# [Supplied material]

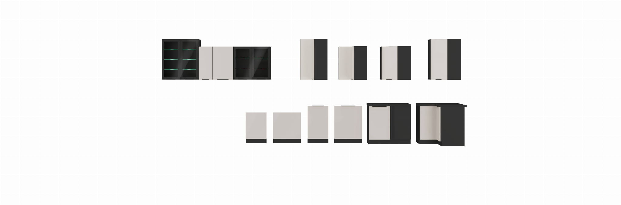 Kolekcja KASZMIR oferuje szeroki wybór szafek dolnych i górnych w różnych szerokościach, co pozwala na stworzenie zabudowy skrojonej na miarę Twojej kuchni. Warianty szafek obejmują modele narożne, z szufladami, z drzwiczkami jedno- i dwuskrzydłowymi, a także wysokie słupki do zabudowy sprzętu AGD.
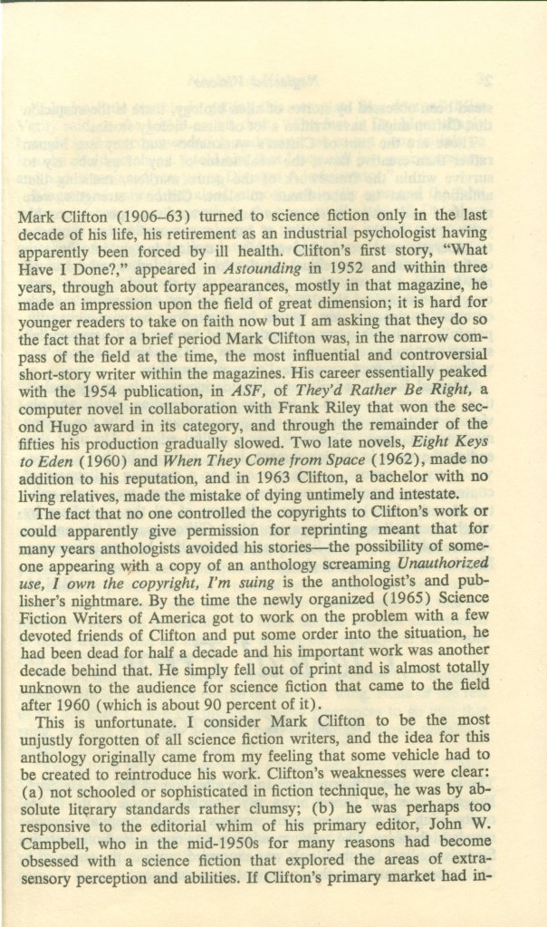 “Silent Brother” wasn’t a finalist for the Hugo award, and it’s never been anthologized for a major theme or retrospective anthology. Nor is it on any fan poll for being an all-time great SF story. Now, do you sense the relative nature of good? What I want to find are the most memorable, most powerful of the SF stories from 1956 that most people consider good. I liked “Silent Brother” a fair amount, but I wouldn’t anthologize it if I was creating an anthology of the best SF short stories of 1956. I might include it in a theme anthology if it worked well with the other stories.
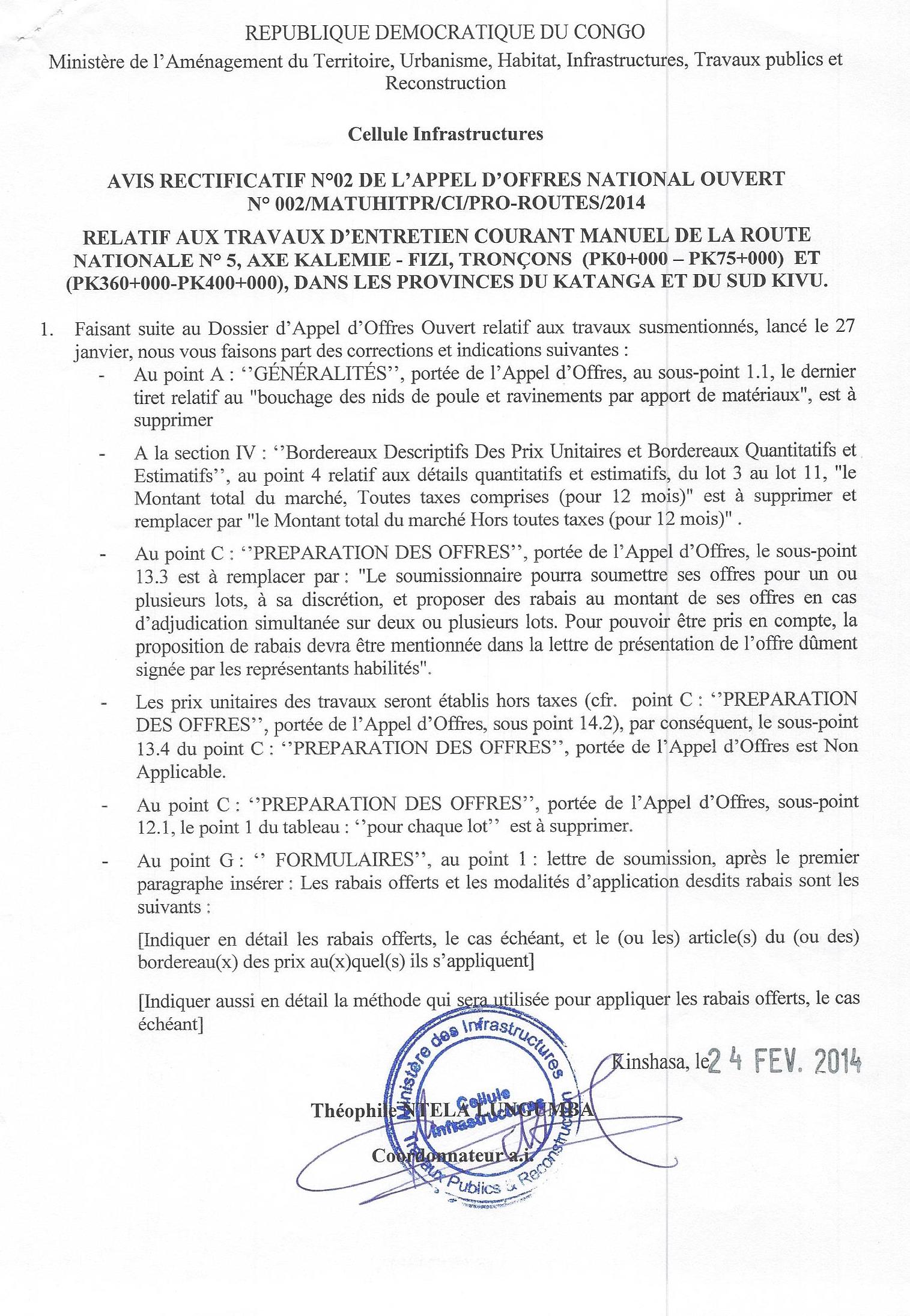 Avis rectificatif n°02 du marché relatif aux travaux d’entretien courant manuel de la route nationale n°5, axe Kalemie-Fizi, tronçons (PK0 + 000-PK75+000) et (PK360+000-PK400+000), dans les provinces du Katanga et du Sud Kivu.

# [Work order]
For this exercise, restate the material exactly and skip every picture.

# [Task solution]
 Kolekcja KASZMIR oferuje szeroki wybór szafek dolnych i górnych w różnych szerokościach, co pozwala na stworzenie zabudowy skrojonej na miarę Twojej kuchni. Warianty szafek obejmują modele narożne, z szufladami, z drzwiczkami jedno- i dwuskrzydłowymi, a także wysokie słupki do zabudowy sprzętu AGD.
 “Silent Brother” wasn’t a finalist for the Hugo award, and it’s never been anthologized for a major theme or retrospective anthology. Nor is it on any fan poll for being an all-time great SF story. Now, do you sense the relative nature of good? What I want to find are the most memorable, most powerful of the SF stories from 1956 that most people consider good. I liked “Silent Brother” a fair amount, but I wouldn’t anthologize it if I was creating an anthology of the best SF short stories of 1956. I might include it in a theme anthology if it worked well with the other stories.
 Avis rectificatif n°02 du marché relatif aux travaux d’entretien courant manuel de la route nationale n°5, axe Kalemie-Fizi, tronçons (PK0 + 000-PK75+000) et (PK360+000-PK400+000), dans les provinces du Katanga et du Sud Kivu.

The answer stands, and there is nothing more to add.